My question relates to defining a metric on the extended real line $$\bar{\mathbb{R}} : = [-\infty, \infty] := \mathbb{R} \cup \{\infty, -\infty\}.$$

In 1 they talk about not being able to define a metric on the extended real line with the usual distance metric on $\mathbb{R}$. I understand that this is not possible if we require that metrics are finite valued functions (i.e., with range $[0,\infty))$. However, in 2 they talk about allowing metrics to actually take the value $\infty$ (i.e., with range $[0,\infty]:= [0,\infty)\cup \{\infty\}$). This all made me wonder if one can actually define a metric taking infinite values on $\bar{\mathbb{R}}$ that is consistent with the usual distance metric on $\mathbb{R}$ (i.e., when we restrict to computing the distance between two (finite-valued) real numbers).

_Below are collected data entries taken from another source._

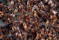 Roze zaaddozen van de Sedumbloem - Er is zoveel schoonheid in de natuur in elk stadium. Dit is een bloemhoofdje waarvan de zaaddozen meestal leeg zijn. De prachtige textuur en warme kleuren vielen me op. Ik moest het vastleggen. Binnenkort zal het nieuwe blad het oude vervangen.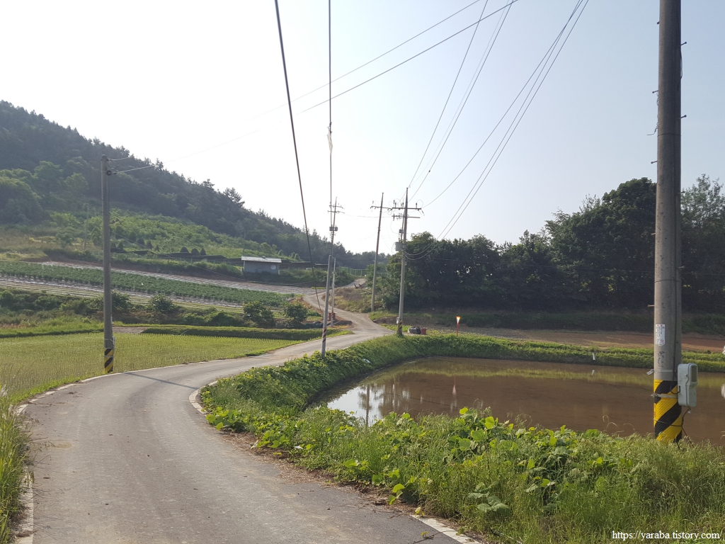 둑방길을 걸어 내려온 우리는 소형곡산 앞에서 큰길 방향으로 농로를 걷는다. 그런데, 아뿔싸 논에서 내려온 물이 웅덩이를 이루고 있었다. 원래의 경로대로 갔으면 거치지 않아도 될 길인데 풀밭 둑방으로 겨우 우회했다. 매년 이 구간에서 많은 사람들이 곤란을 겪었을 테니 경로를 농로를 걷도록 바꾼 것이 아닌가 싶다.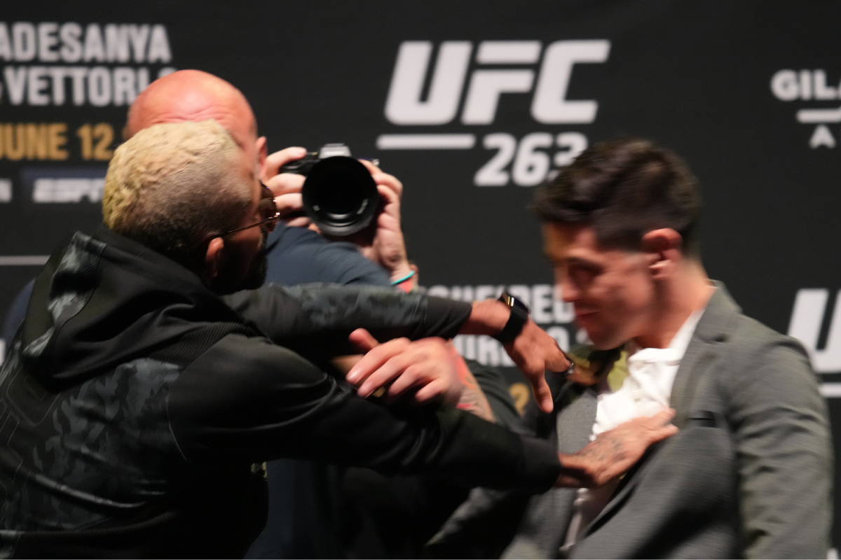 Durante la conferencia de prensa de UFC 263, realizada el jueves pasado, Deiveson reveló que estaba molesto por las declaraciones de su rival y afirmó que la disputa se había vuelto personal en su entendimiento, prometiendo callar y noquear al mexicano en el primer asalto, para detenerlo de una vez por todas. El campeón aún perdió la compostura durante las tradicionales confrontaciones cara a cara, empujando al retador, para consternación del presidente de la organización, Dana White, quien rápidamente separó a los dos.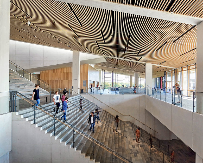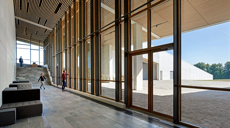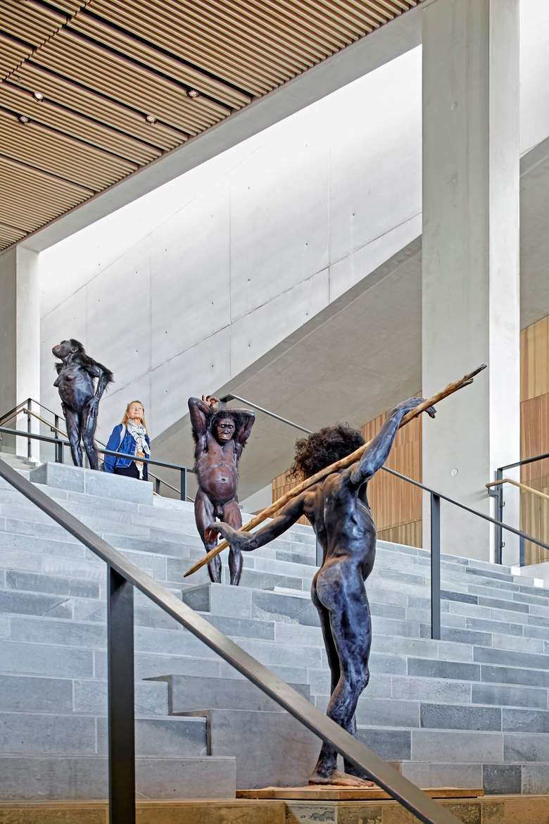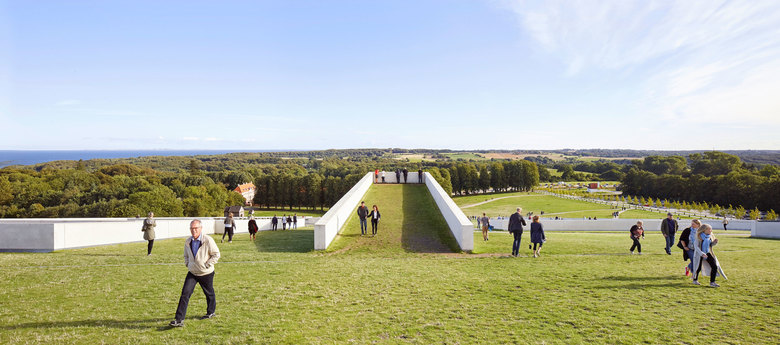 Moesgaard Museum's sloping roof, landscaped with grass and moss, makes the museum a striking icon in its historical setting. In the summer months, the roof is used as a theater stage, cycling track, and Viking market. In the winter, after a fall of snow, the steep roof is the most popular tobogganing slope in the area. The diverse use of the museum far exceeds our expectations. As an invitation from prehistoric times, the museum beckons visitors to come inside and explore the exhibition halls – designed as terraces that open up to reveal their secrets, like the strata of an archaeological excavation. After Moesgaard Museum moved into its new premises, the number of visitors has increased to more than half a million per year.

This certainly seems to be possible. Indeed, define a function $d:\bar{\mathbb{R}}\times \bar{\mathbb{R}}\rightarrow [0,\infty]$ by \begin{align*} &d(x,y) = \vert x-y\vert,\quad x,y\in\mathbb{R},\\ &d(x,\infty) = d(\infty, x) = d(x,-\infty) = d(-\infty, x)=\infty,\quad x\in\mathbb{R},\\ &d(-\infty,\infty)= d(\infty,-\infty)=\infty,\\ &d(\infty,\infty) = d(-\infty,-\infty) =0, \end{align*} By definition, $d$ is symmetric and the triangle inequality holds, with the addition operator extended to $[0,\infty]$ by requiring that \begin{align*} a+\infty = \infty + a = \infty,\quad 0\le a\le \infty, \end{align*} and where we take $\le$ to be the usual order on $\bar{\mathbb{R}}$.

Thus, the pair $(\bar{\mathbb{R}}, d)$ seems to be a valid metric space, if we extend our definition of metric spaces to include "metrics" that actually take infinite values, and if we extend the addition operator to $[0,\infty]$ from $[0,\infty)$, and extend the order relation $\le$ to $[0,\infty]$ from $[0,\infty)$.

I have not thought too much past this, but was hoping for some insights, comments, etc. I have the following follow-up questions:

  1. Is this all valid? And if so, does doing any of this useful in any way? Or at least have some mathematical meaning? Do people work with these objects? Et cetera. I think you get the point.
  2. Does this infinite metric (or any infinite metric in general) give rise to topologies on the set of interest? If so, in this example of the extended real line, how does the induced "metric" topology compare with the usual topology on $\bar{\mathbb{R}}$ with basis elements $(a,b), (a,\infty], [-\infty , a)$, $a,b,\in \mathbb{R}$ (i.e., the topology induced by the order relation on $\bar{\mathbb{R}}$)?

I can't think of other questions, but any other insights would be appreciated!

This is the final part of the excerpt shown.